Thug 3’s blocking move is not opposed by anyone and causes no damage.
So the advantage for the Surprisers side (the thugs), is not that they go first, but that they get to roll at Difficulty 1 (they only need 1 success to hit). Possibly?
Question 3: Are combat actions difficulty 2 (straightforward)? I can’t find anything that says yes or no. Hitting a stationary target is Difficulty 1 in the example table on p119. Or is the difficulty irrelevant and it just a straight comparison of who gets the most successes vs the Target Number? In which case what is that Difficulty 1 for surprise referring to?
TURN TWO
GM asks what the PCs will do. Juana will boost her Strength with a Rouse The Blood check and will continue hand to hand combat with Thug 1 (she gets a Hunger die). Aileen will try to stab Thug 2.
The GM agrees Thug 1 & 2 continue to fight the ladies. Thug 3 joins in the fight as he’s seen Aileen’s knife and comes to his comrades’ assistance.
The order of rolling dice is…
Thug 1 and Juana attack simultaneously again (with each other and also with Aileen vs Thug 2) as everyone is now in the ‘Close combat between already engaged parties’ category. Applying the tie breaker rules, then Juana’s Dex + Wits is higher than Aileen’s, so the fight she’s involved in will be resolved before Aileen’s scrap.
Thug 1 (dice pool 5) doesn’t get enough successes to beat Juana (now at dice pool 7). She doles out some aggravated damage to him.
Aileen is doing a knife attack this round so her Dex + Melee dice pool is 5 vs Thug 2’s dice pool 5. They both get the same number of successes (a tie). They both deal out damage based on a margin of success of 1. But Thug 2 does superficial damage (baseball bat vs vampire) and Aileen does aggravated damage (knife vs human).
Thug 3 goes last as he’s in the ‘newly initiated physical combat’ category. Aileen can have a defence roll against him. Her Dex + Athletics defence pool is 4 +1 for celerity, but -1 because this is her 2nd opponent this round. Total 4 dice vs his 5 dice pool. He gets a rubbish roll and does no damage.
Question 4: Is Aileen’s defence at -1 die correct? The rule book example quotes someone defending twice to be at -1 to their dice pool. But if Aileen’s earlier action was an attack, not a defence, does that mean she can wriggle out of the penalty?
TURN THREE
GM asks what the PCs will do. Juana decides to split her dice pool and attack Thug 1 and Thug 2. Aileen switches her attack to Thug 3.
The GM says Thug 2 has shifted to All Out Defence because he’s been stabbed. Thug 1 continues to attack Juana. Thug 3 continues to attack Aileen.
Everyone is still in the ‘Close combat between already engaged parties’ category, with Juana going before Aileen.

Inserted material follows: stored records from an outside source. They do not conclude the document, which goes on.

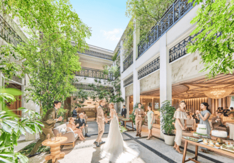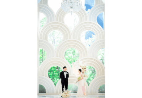 華やかな披露宴会場にグラスを掲げる瞬間、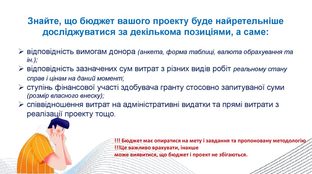 Знайте, що бюджет вашого проекту буде найретельнішедосліджуватися за декількома позиціями, а саме: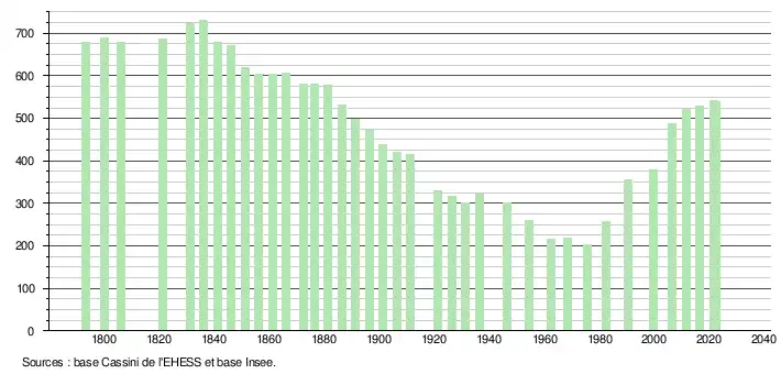 - ↑ Fiches Insee - Populations de référence de la commune pour les années 2006, 2007, 2008, 2009, 2010, 2011, 2012, 2013, 2014, 2015, 2016, 2017, 2018, 2019, 2020, 2021 et 2022.

Question 5: Does Juana go first for both of her attacks now that she has split her dice pool? Or should I use the Dex + Wits of the thugs Juana is fighting to determine the initiative order of the 2nd attack compared to when Aileen gets her go?
Question 6: Juana has 1 Hunger dice. She wants to split her dice pool of 7 into 4 dice and 3 dice. Does she roll a Hunger die in BOTH of the smaller dice pools? Or just in one of them?
Juana (rolling 4 dice from her dice pool of 7, one of them a Hunger die) vs Thug 1. The Thug gets more successes and Juana takes a tiny bit of superficial damage.
Juana (rolling 3 dice from her dice pool of 7) vs Thug 2 (defence pool 5 +1). The thug gets a couple of successes. Juana doesn’t roll any successes and so she opts to spend a Willpower to reroll her 3 dice (this assumes none of the 3 are a Hunger die). She gets 3 successes, including a pair of 10s for a critical win – total of 5 successes. Since this is combat against a mortal, the critical win result means she’s incapacitated Thug 2.
Aileen vs Thug 3. She fumbles, he hits. Thug 3 knocks the knife out of her hand. He also deals out enough superficial damage to Aileen to fill her Health track with superficial damage and convert some to aggravated. So from now on she is at -2 dice to all physical pools.
AFTER TURN THREE
At the end of turn 3, the GM decides if the “three turns and out” thing applies to this combat and asks the PCs if they wish to break off the conflict…
combat vampire-the-masquerade-5e
closed as too broad by V2Blast, Aguinaldo Silvestre, Ruse, Mark Wells, Purple Monkey Dec 29 '18 at 23:13
Please edit the question to limit it to a specific problem with enough detail to identify an adequate answer. Avoid asking multiple distinct questions at once. See the How to Ask page for help clarifying this question. If this question can be reworded to fit the rules in the help center, please edit the question.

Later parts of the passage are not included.